U.S.-Canada Disputes

Softwood Lumber
Trump’s April 24 announcement of his decision to impose a 24 percent tariff on Canadian lumber revives a dispute older than NAFTA. U.S. companies have long claimed that the Canadian government subsidizes the industry with low fees for chopping down trees in its government-owned territory, thus depressing prices to the point that U.S. firms cannot compete. American lumber producers first filed a case in the 1980s, with the first agreement in 1996 that placed tariffs on a portion of Canada’s softwood imports. A version of that deal has been in effect until 2015, with the exception of a five-year period between 2001 and 2006, during which heftier duties were imposed on lumber imports.

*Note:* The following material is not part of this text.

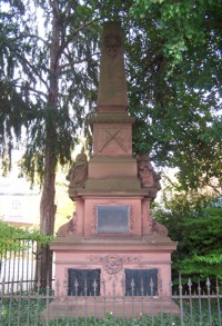Erinnerungstafel: ZUR ERINNERUNG AN DEN SIEGREICHEN FELDZUG 1870-71 WIDMETEN DIESE GEDENKTAFELN AM 2. SEPT. 1895 DIE FRAUEN UND JUNGFRAUEN FECHENHEIMS. 1. Namenstafel : COMBATTANTEN : 2. Namenstafel : NICHTCOMBATTANTEN :

The new tariff is already in force, with a second one to be determined in June. The combined penalties could be as much as 45 percent. “Things like this, I don’t regard as being a good neighbor, dumping lumber,” Ross said on the same day of Trump’s April announcement.

Dairy
While the United States wants to keep Canadian lumber out, it’s hoping to push its dairy products in, though Canada has been trying to protect its dairy industry since the 1970s through a supply-management system that also taxed imports. Until now, U.S. farmers have been taking advantage of a loophole in the program, exporting $133 million annually of ultra-filtered milk to Canada that is not covered under the program’s tariffs. That came to an end in February when Canada announced a measure that dropped the prices of domestically produced processed milk, making U.S. exports to the country uncompetitive. An overall global glut of milk forcing U.S. farmers to dump millions of gallons annually adds pressure to states that export the most milk to Canada, like Wisconsin and New York, prompting bipartisan congressional support for a U.S. response to Canada that is yet to be determined.

Oil and Gas
More than agricultural disputes, environmental ones have consumed a majority of NAFTA claims against Canada, brought on by U.S. investors with stakes in oil and gas exploration. In the case of Lone Pine Resources Inc., the Delaware-incorporated company owns a subsidiary based in Alberta that was granted various exploration licenses. But their one off-shore license was revoked after a Canadian environmental act prevented exploration in the St. Lawrence River. The case initiated in 2013 remains open while the U.S. company claims $119 million in damages.

Trilateral Disputes

Meat labeling
Starting in 2009, Mexico and Canada filed a case against a U.S. meat-labeling regulation that requires countries exporting meat to the United States to say where each animal was born, raised, and slaughtered. In May 2015, the WTO agreed it was an unreasonable burden and allowed Canada and Mexico to carry out retaliatory tariffs worth $781 million and $228 million, respectively. Ultimately, the U.S. Congress ended up repealing the law later that year.